Total and marginal distribution trips between neighborhoods
Let's focus our attention now the following important questions:
- Between which neighborhoods do the most common trips occur?
- Assuming that a traveler leaves from a given neighborhood, which neighborhoods are they most likely to go to?
- Assuming that someone was just dropped off at a given neighborhood, which neighborhoods are they most likely to have come from?
To answer the above questions, we need to find the distribution (or proportion) of trips between any two neighborhoods, first as a percentage of total trips, then as a percentage of trips leaving from a particular neighborhood, and finally as a percentage of trips going to a particular neighborhood.
rxc <- rxCube( ~ pickup_nb:dropoff_nb, mht_xdf) rxc <- as.data.frame(rxc) library(dplyr) rxc %>% filter(Counts > 0) %>% mutate(pct_all = Counts/sum(Counts) * 100) %>% group_by(pickup_nb) %>% mutate(pct_by_pickup_nb = Counts/sum(Counts) * 100) %>% group_by(dropoff_nb) %>% mutate(pct_by_dropoff_nb = Counts/sum(Counts) * 100) %>% group_by() %>% arrange(desc(Counts)) -> rxcs head(rxcs)
# A tibble: 6 × 6 pickup_nb dropoff_nb Counts pct_all pct_by_pickup_nb <fctr> <fctr> <dbl> <dbl> <dbl> 1 Upper East Side Upper East Side 3299324 5.738650 36.88840 2 Midtown Midtown 2216184 3.854700 21.84268 3 Upper West Side Upper West Side 1924205 3.346849 35.14494 4 Midtown Upper East Side 1646843 2.864422 16.23127 5 Upper East Side Midtown 1607925 2.796730 17.97756 6 Garment District Midtown 1072732 1.865847 28.94205 pct_by_dropoff_nb <dbl> 1 38.28066 2 22.41298 3 35.15770 4 19.10762 5 16.26146 6 10.84888
Based on the first row, we can see that trips from the Upper East Side to the Upper East Side make up about 5% of all trips in Manhattan. Of all the trips that pick up in the Upper East Side, about 36% drop off in the Upper East Side. Of all the trips that drop off in the Upper East Side, 37% and tripped that also picked up in the Upper East Side.
We can take the above numbers and display them in plots that make it easier to digest it all at once. We begin with a plot showing how taxi trips between any pair of neighborhoods are distributed.
ggplot(rxcs, aes(pickup_nb, dropoff_nb)) + geom_tile(aes(fill = pct_all), colour = "white") + theme(axis.text.x = element_text(angle = 60, hjust = 1)) + scale_fill_gradient(low = "white", high = "black") + coord_fixed(ratio = .9)
The plot shows that trips to and from the Upper East Side make up the majority of trips, a somewhat unexpected result. Furthermore, the lion's share of trips are to and from the Upper East Side and the Upper West Side and the midtown neighborhoods (with most of this category having Midtown either as an origin or a destination). Another surprising fact about the above plot is its near symmetry, which suggests that perhaps most passengers use taxis for a "round trip", meaning that they take a taxi to their destination, and another taxi for the return trip.
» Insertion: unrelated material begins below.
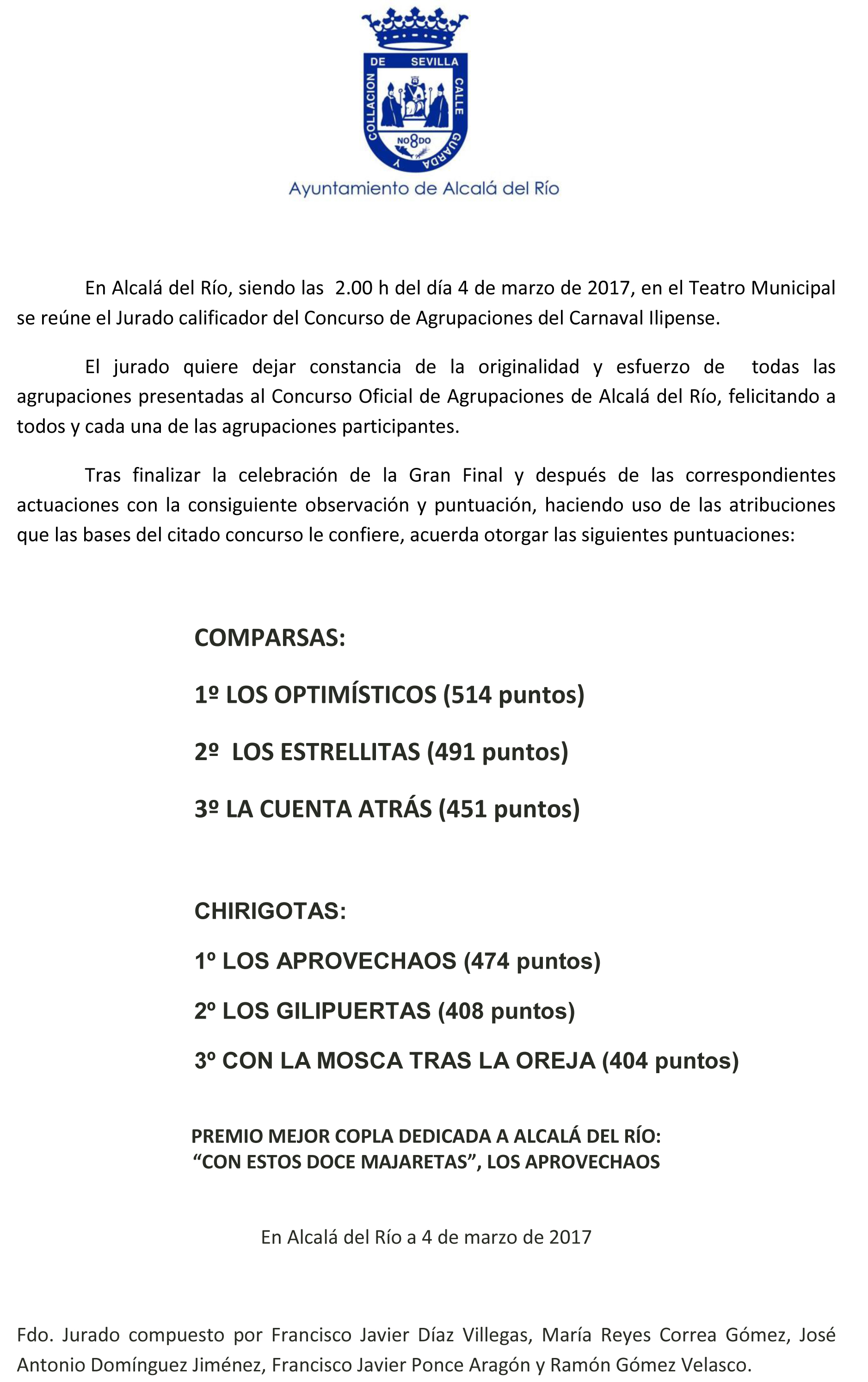 Resultado de la Gran Final del Concurso de Agrupaciones del Carnaval 2017 de Alcalá del Río

This point warrants further inquiry (perhaps by involving the time of day into the analysis) but for now we leave it at that.
Next we look at how trips leaving a particular neighborhood (a point on the x-axis in the plot below), "spill out" into other neighborhoods (shown by the vertical color gradient along the y-axis at each point on the x-axis).
ggplot(rxcs, aes(pickup_nb, dropoff_nb)) + geom_tile(aes(fill = pct_by_pickup_nb), colour = "white") + theme(axis.text.x = element_text(angle = 60, hjust = 1)) + scale_fill_gradient(low = "white", high = "steelblue") + coord_fixed(ratio = .9)
We can see how most downtown trips are to other downtown neighborhoods or to midtown neighborhoods (especially Midtown). Midtown and the Upper East Side are common destinations from any neighborhood, and the Upper West Side is a common destination for most uptown neighborhoods.
For a trip ending at a particular neighborhood (represented by a point on the y-axis) we now look at the distribution of where the trip originated from (the horizontal color-gradient along the x-axis for each point on the y-axis).
ggplot(rxcs, aes(pickup_nb, dropoff_nb)) + geom_tile(aes(fill = pct_by_dropoff_nb), colour = "white") + theme(axis.text.x = element_text(angle = 60, hjust = 1)) + scale_fill_gradient(low = "white", high = "red") + coord_fixed(ratio = .9)
As we can see, a lot of trips claim Midtown regardless of where they ended. The Upper East Side and Upper West Side are also common origins for trips that drop off in one of the uptown neighborhoods.